Date Reported Revenue (k) Cost of Revenue (k) Gross Margin YoY Growth
2022-03-31 $3,496,873 $2,628,351 56.32% 3.28%
2021-03-31 $3,369,915 $2,402,722 54.53% 8.76%
2020-03-31 $3,084,422 $2,340,182 50.14% 17.56%
2019-03-31 $2,683,820 $2,215,199 42.65% -14.51%
2018-03-31 $1,793,087 $1,463,060 49.89% n/a
  • Average gross margin: 50.71 %
  • Average gross margin growth rate: 3.02 %
  • Coefficient of variability (higher numbers indicating more instability): 10 %

We can see from the above that Take-Two Interactive Software business is not strong and its stock is likely not suitable for conservative investors.

Another key to assessing a company's health is to look at its free cash flow, which is calculated on the basis of its total cash flow from operating activities minus its capital expenditures. Capital expenditures are the costs of maintaining fixed assets such as land, buildings, and equipment. From Take-Two Interactive Software's last four annual reports, we are able to obtain the following rundown of its free cash flow:

Date Reported Cash Flow from Operations (k) Capital Expenditures (k) Free Cash Flow (k) YoY Growth
2022-03-31 $257,984 $158,642 $99,342 -88.22%
2021-03-31 $912,318 $68,923 $843,395 33.39%
2020-03-31 $685,678 $53,384 $632,294 -18.58%
2019-03-31 $843,515 $66,969 $776,546 91.27%
2018-03-31 $493,527 $87,522 $406,005 n/a
  • Average free cash flow: $551,516,400.00
  • Average free cash flow growth rate: 3.57 %
  • Coefficient of variability (the lower the better): 55 %

With its positive cash flow, the company can not only re-invest in its business, it can offer regular returns to its equity investors in the form of dividends. Over the last 12 months, investors in TTWO have received an annualized dividend yield of 0.0% on their capital.

Another valuation metric for analyzing a stock is its Price to Book (P/B) Ratio, which consists in its share price divided by its book value per share. The book value refers to the present liquidation value of the company, as if it sold all of its assets and paid off all debts. As of the first quarter of 2023, the average P/B ratio for technology companies is 6.23. In contrast, the average P/B ratio of the S&P 500 is 2.95. Take-Two Interactive Software's P/B ratio is 1.865, indicating that the market value of the company exceeds its book value by a factor of more than1, but is still below the average P/B ratio of the Technology sector.

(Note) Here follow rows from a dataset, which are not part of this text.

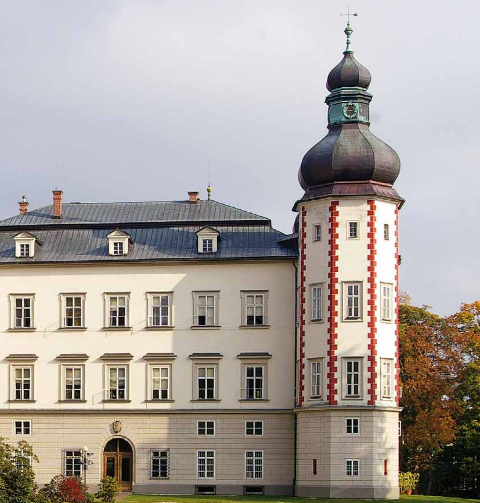
Vrchlabský zámek zbudoval Gendorf nově roku 1546 vedle staré tvrze. Charakteristický vzhled se čtveřicí nárožních věží mu však nejspíš dodali až Miřkovští ze Stropčic na počátku 17. století
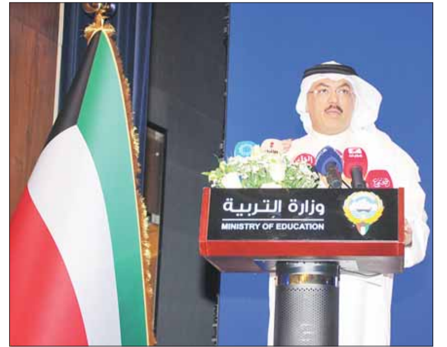
الوزير الطببائي متحدثاً
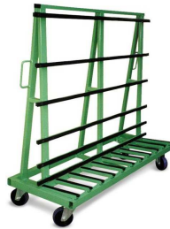
Ottimo caricatore per macchine levigatrici
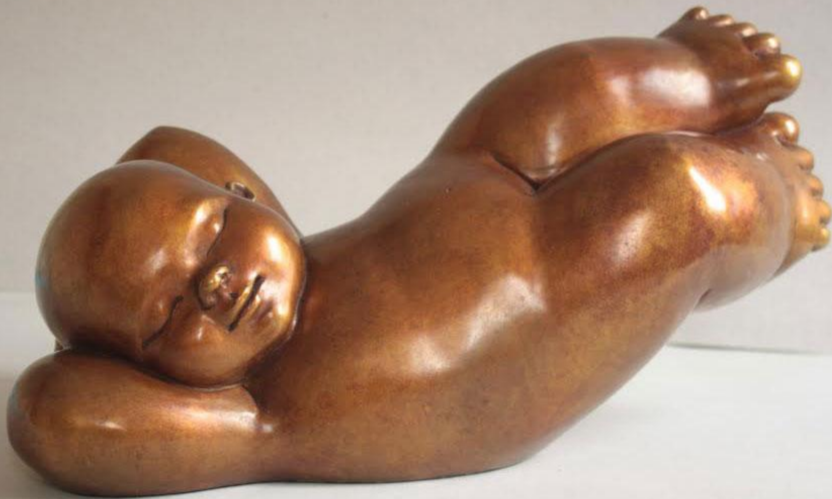
Volar Bronze 23 x 42 x 20 cm
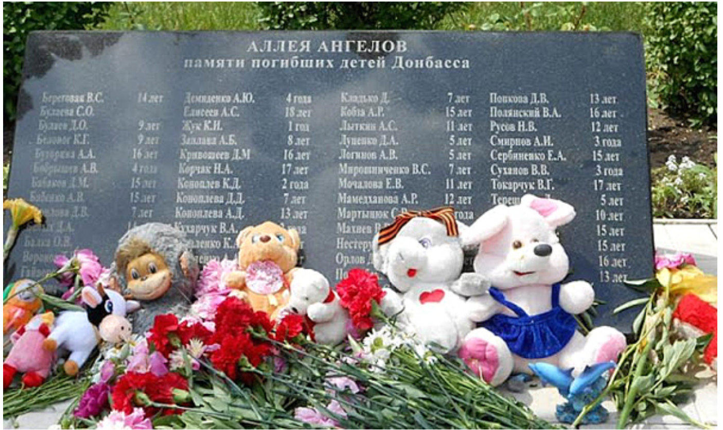
Алеја анђела на гробљу у Доњецку

Морамо, нажалост, да констатујемо да супротна страна на Западу изгубила осећај за реалност, прешли су све границе. А није требало.
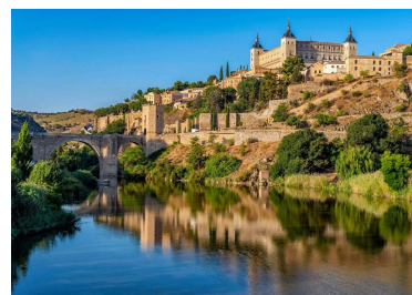
RÍO TAJO, TOLEDO.

13 DE ABRIL - MADRID - TOLEDO - MADRID. Incluimos una excursión a la histórica ciudad de TOLEDO, protegida por el río Tajo. Sus calles medievales nos hablan de historias de cristianos, judíos y musulmanes. Tarde libre en MADRID. Esta noche, si lo desea, le proponemos opcionalmente un espectáculo flamenco.
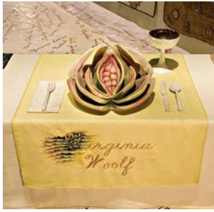
Şekil 4. Judy Chicago, The Dinner Party, enstalasyon detay,
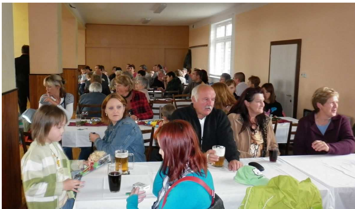
Foto: Oslava 355. výročí založení obce v místní sokolovně

V roce 2011 jsme si také připomněli 355. výročí založení obce. U příležitosti tohoto výročí byla uspořádána oslava s živou hudbou, bohatou tombolou a výborným srnčím gulášem. V místní knihovně se vystavovaly kroniky obce i kroniky z místní školy, dobové fotografie a filmová ukázka ze soukromého archivu z let 1959-1962.

As of first quarter of 2023, Take-Two Interactive Software is likely fairly valued despite its negative P/E ratio, because it has a lower P/B ratio than its sector average, and positive cash flows. The stock has strong growth indicators because of its operating margins with a positive growth rate. We hope this analysis will inspire you to do your own research into TTWO's fundamental values -- especially their trends over time.

The above analysis is intended for educational purposes only and was performed on the basis of publicly available data. It is not to be construed as a recommendation to buy or sell any security. Any buy, sell, or other recommendations mentioned in the article are direct quotations of consensus recommendations from the analysts covering the stock, and do not represent the opinions of Market Inference or its writers. Past performance, accounting data, and inferences about market position and corporate valuation are not reliable indicators of future price movements. Market Inference does not provide financial advice. Investors should conduct their own review and analysis of any company of interest before making an investment decision.